TASK TO CARRY OUT: Set down every record below exactly as it stands, leaving out the pictures.

DATASET ENTRIES:
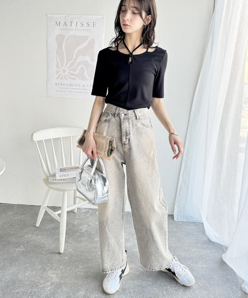 その日の気分に合わせてカーブデニムやフレアパンツを合わせてもOK◎
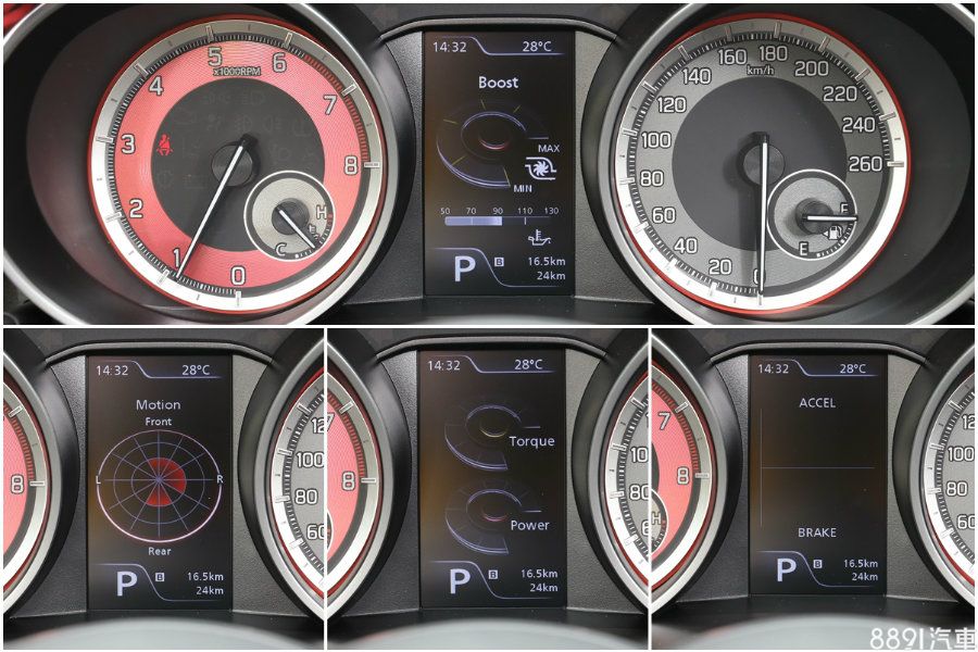 雙環式儀錶只有轉速部分採紅底色,算是個巧思,中央的資訊幕尺寸較一般Swift大,且多了增壓錶、機油溫度、G值、動力輸出以及油門開度等介面。
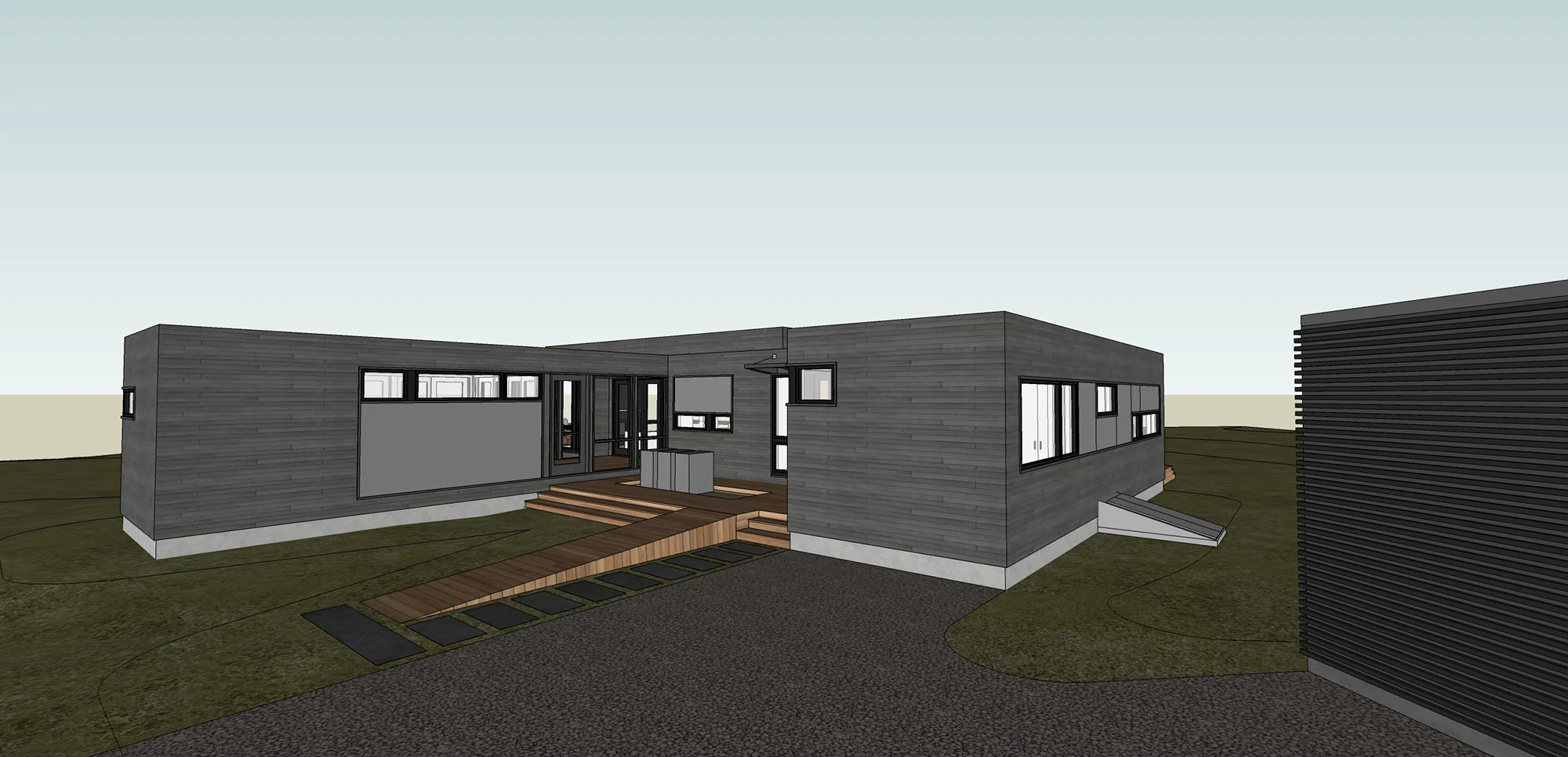 - Primary southern exposure with large sliding glass doors for natural daylighting and passive winter heating, with roof overhangs and brise soleils to mitigate excess solar heat gain during summers.
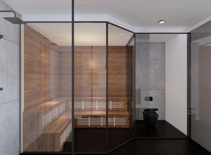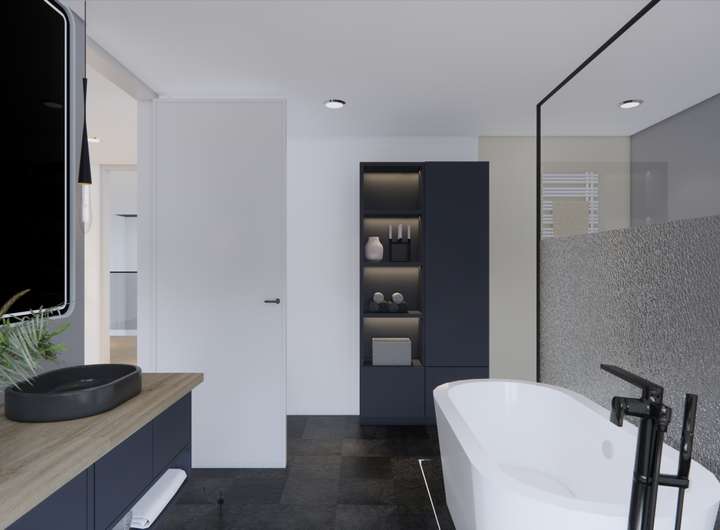 Luxuriöses Masterbad en Suite mit freistehender Badewanne, Walk-In-Dusche, Doppelwaschtisch und Dusch-WC. Optionaler Wellnessbereich mit Sauna, Duschbad und Fitnessraum. Vorbereitung für Jacuzzi am Master-Bedroom.
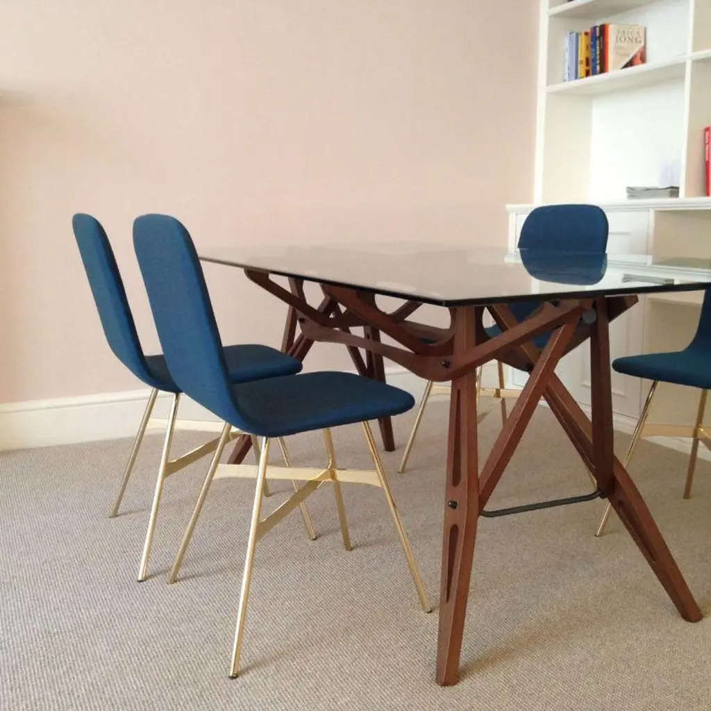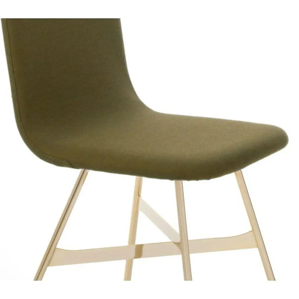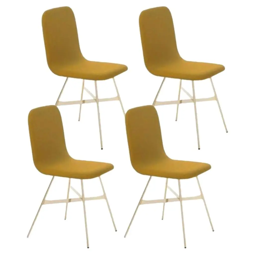 Set of 4, Tria Gold Upholstered, Pine by Colé Italia with Lorenz & KazDimensions: H 82.5, D 52, W 58 cmMaterials: plywood chair; golden metal legs, upholstered fabric CAlso available: tria; 3 legs, with cushion, black, gold, simple, stool, upholsteredTC: C.O.M. fabric - send us your own materialCA: Cat A - Angel (polypropylene), Ganesha (synt. leather), Nord Wool (felt)CB: Cat B - Tiffany (polyestere), Lana (aquaclean)CC: Cat C - Velvetforthy (Velvet), Topia (wool), Novum (Wool), Opera (felt)CP: Cat P - Milano (full grain leather)H.82,5 D.52 W.61 Weight 6 kg Box 2pc: 16 kg Vol 0,36 mcFabrics: see fabric samples catalogueOur iconic chair designed by German duo Lorenz + Kaz. Tria is a table chair, at the same time many people place it asa sculpture, as ornament in an entrance, a bedroom or in a living room. It recalls the impossible forms of Dutch graphicartist and engraver Maurits Escher, defining itself in a game of twists and elusive leak. The corolla-shaped shell can beused in two different seating positions, center or side, in this case with one armrest. The shell is composed of three equal elements in bent plywood assembled together and veneered with a special wood finishing ivory/ black stripes.It is also available in veneered oak, natural or stained open pore in different colors, as well as customized colors (min. 4units). Available with 3 or 4 solid wood legs, or 4 metal legs in different finishings. For a better back comfort if you useTria chair in center position, for dining or studying, you can add a back cushion specially designed for it, upholsteredand coated with a wide range of fabrics.Colé is a young Italian design brand, with a high-end production 100% made in Italy. Born from the experience of Matteo De Ponti, architect, who grew up in one of the most outstanding Milanese design families, and the artistic sensibility of Laura Macagno, degree in Economics and passionate of art and design. Our mission is to create design icons, beautiful and comfortable pieces that can stand the test of time, furnishing houses of international and sophisticated clients, and realized with craftsmanship, thus unique. “We love objects which own deep roots, excellent quality, and a strong evocative power. Archetypal forms dressed with new beauty without losing their classical composure”.Our expressive research is inspired by the utopian force of Italian eminences grises architects and designers of the ’50s, the Scandinavian design, the Bauhaus, ethnic handcraft and houses of famous writers of the XX century, all different as a style but united by the intense soul of those who worked and lived there.

OUTPUT OF THE TASK:
 その日の気分に合わせてカーブデニムやフレアパンツを合わせてもOK◎
 雙環式儀錶只有轉速部分採紅底色,算是個巧思,中央的資訊幕尺寸較一般Swift大,且多了增壓錶、機油溫度、G值、動力輸出以及油門開度等介面。
 - Primary southern exposure with large sliding glass doors for natural daylighting and passive winter heating, with roof overhangs and brise soleils to mitigate excess solar heat gain during summers.
 Luxuriöses Masterbad en Suite mit freistehender Badewanne, Walk-In-Dusche, Doppelwaschtisch und Dusch-WC. Optionaler Wellnessbereich mit Sauna, Duschbad und Fitnessraum. Vorbereitung für Jacuzzi am Master-Bedroom.
 Set of 4, Tria Gold Upholstered, Pine by Colé Italia with Lorenz & KazDimensions: H 82.5, D 52, W 58 cmMaterials: plywood chair; golden metal legs, upholstered fabric CAlso available: tria; 3 legs, with cushion, black, gold, simple, stool, upholsteredTC: C.O.M. fabric - send us your own materialCA: Cat A - Angel (polypropylene), Ganesha (synt. leather), Nord Wool (felt)CB: Cat B - Tiffany (polyestere), Lana (aquaclean)CC: Cat C - Velvetforthy (Velvet), Topia (wool), Novum (Wool), Opera (felt)CP: Cat P - Milano (full grain leather)H.82,5 D.52 W.61 Weight 6 kg Box 2pc: 16 kg Vol 0,36 mcFabrics: see fabric samples catalogueOur iconic chair designed by German duo Lorenz + Kaz. Tria is a table chair, at the same time many people place it asa sculpture, as ornament in an entrance, a bedroom or in a living room. It recalls the impossible forms of Dutch graphicartist and engraver Maurits Escher, defining itself in a game of twists and elusive leak. The corolla-shaped shell can beused in two different seating positions, center or side, in this case with one armrest. The shell is composed of three equal elements in bent plywood assembled together and veneered with a special wood finishing ivory/ black stripes.It is also available in veneered oak, natural or stained open pore in different colors, as well as customized colors (min. 4units). Available with 3 or 4 solid wood legs, or 4 metal legs in different finishings. For a better back comfort if you useTria chair in center position, for dining or studying, you can add a back cushion specially designed for it, upholsteredand coated with a wide range of fabrics.Colé is a young Italian design brand, with a high-end production 100% made in Italy. Born from the experience of Matteo De Ponti, architect, who grew up in one of the most outstanding Milanese design families, and the artistic sensibility of Laura Macagno, degree in Economics and passionate of art and design. Our mission is to create design icons, beautiful and comfortable pieces that can stand the test of time, furnishing houses of international and sophisticated clients, and realized with craftsmanship, thus unique. “We love objects which own deep roots, excellent quality, and a strong evocative power. Archetypal forms dressed with new beauty without losing their classical composure”.Our expressive research is inspired by the utopian force of Italian eminences grises architects and designers of the ’50s, the Scandinavian design, the Bauhaus, ethnic handcraft and houses of famous writers of the XX century, all different as a style but united by the intense soul of those who worked and lived there.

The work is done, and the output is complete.